Atacando concepções difundidas da "globalização", Hirsch analisa esse regime de acumulação como uma "nova forma de internacionalização da produção, que se tornou possível por meio da liberalização dos mercados de mercadorias, financeiro e de capital, bem como pelas novas tecnologias de comunicação e transporte".

ESTADO E CAPITAL

Para o autor, há "uma nova divisão internacional do trabalho, que suplanta a antiga, fundada na exportação de capital e no comércio de mercadorias".

Ele argumenta que, apesar do avanço das multinacionais, os Estados continuam com força. As empresas precisam deles para impor regras, como as sobre o mercado de trabalho, salário, emprego de imigrantes etc.

O professor enfatiza o aumento das desigualdades econômicas e sociais nas esferas nacionais e internacionais e declara: "Esse desenvolvimento desigual é fundamental para o processo de acumulação global".

Na sua concepção, existe hoje um "hiperimperialismo", um sistema instável, "que pode desmoronar com uma crise econômica de maior envergadura".

O livro, que merecia uma edição mais cuidadosa, quase não trata da China. O autor parece esquecer a importância crescente do país na economia mundial. Sua análise sobre o papel do Estado poderia ganhar outro relevo se abordasse o modelo chinês. É uma lacuna.

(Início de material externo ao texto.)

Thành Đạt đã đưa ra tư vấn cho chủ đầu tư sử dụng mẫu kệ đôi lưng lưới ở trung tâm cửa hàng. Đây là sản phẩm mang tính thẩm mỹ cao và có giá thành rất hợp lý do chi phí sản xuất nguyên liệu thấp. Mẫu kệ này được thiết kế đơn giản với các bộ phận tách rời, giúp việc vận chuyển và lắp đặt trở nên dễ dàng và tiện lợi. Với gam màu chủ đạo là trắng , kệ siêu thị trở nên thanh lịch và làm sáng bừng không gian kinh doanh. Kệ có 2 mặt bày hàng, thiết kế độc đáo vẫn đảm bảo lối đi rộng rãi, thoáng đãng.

Um dos pontos fortes do trabalho de Hirsch é o seu diagnóstico cáustico sobre o quadro político atual.
Ele diz que "o futuro da democracia liberal também está em questão". "A chamada globalização é um ataque politicamente impulsionado contra as conquistas democráticas obtidas ao longo dos séculos 19 e 20", afirma.

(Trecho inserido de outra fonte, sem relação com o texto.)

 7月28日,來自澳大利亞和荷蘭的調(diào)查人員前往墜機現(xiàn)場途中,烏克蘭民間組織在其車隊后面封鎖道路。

Apontando um rompimento entre capitalismo e democracia, ele mostra a corrosão de partidos e de instituições. Identifica um "chauvinismo do bem-estar" e alerta para os riscos de ideologias de extrema direita. Impossível não lembrar os ataques de Oslo.

Hirsch descreve como "os processos mercantis penetram em todas as áreas da vida". O pensamento dominante tira indivíduos de seu contexto social e eles viram "empresários de si mesmos", preocupados com sua emancipação individual.

CRISE E CONFLITOS

O autor chega próximo de prever o acirramento da crise financeira das últimas semanas e os conflitos sociais que estouraram nos últimos meses na Europa e no Oriente Médio.

Entende que a crise "provoca uma aceleração do processo de monopolização e o aumento do entrelaçamento entre capital e Estado".

Para Hirsch, não há uma alternativa visível. Advogando uma "completa reconfiguração das relações entre o público e o privado", quer "uma mobilização social fora e independente do Estado, do parlamente e dos partidos". São ideias radicais.

Um embrião dessa obra foi publicado no Brasil em 1998 na edição 19 da revista: "Ensaios FEE", da Fundação de Economia e Estatística do Rio Grande do Sul.

O texto: "Globalização e Mudança Social: O Conceito da Teoria Materialista do Estado e a Teoria da Regulação" teve tradução de Moema Kray, com revisão da então técnica Dilma Vana Rousseff.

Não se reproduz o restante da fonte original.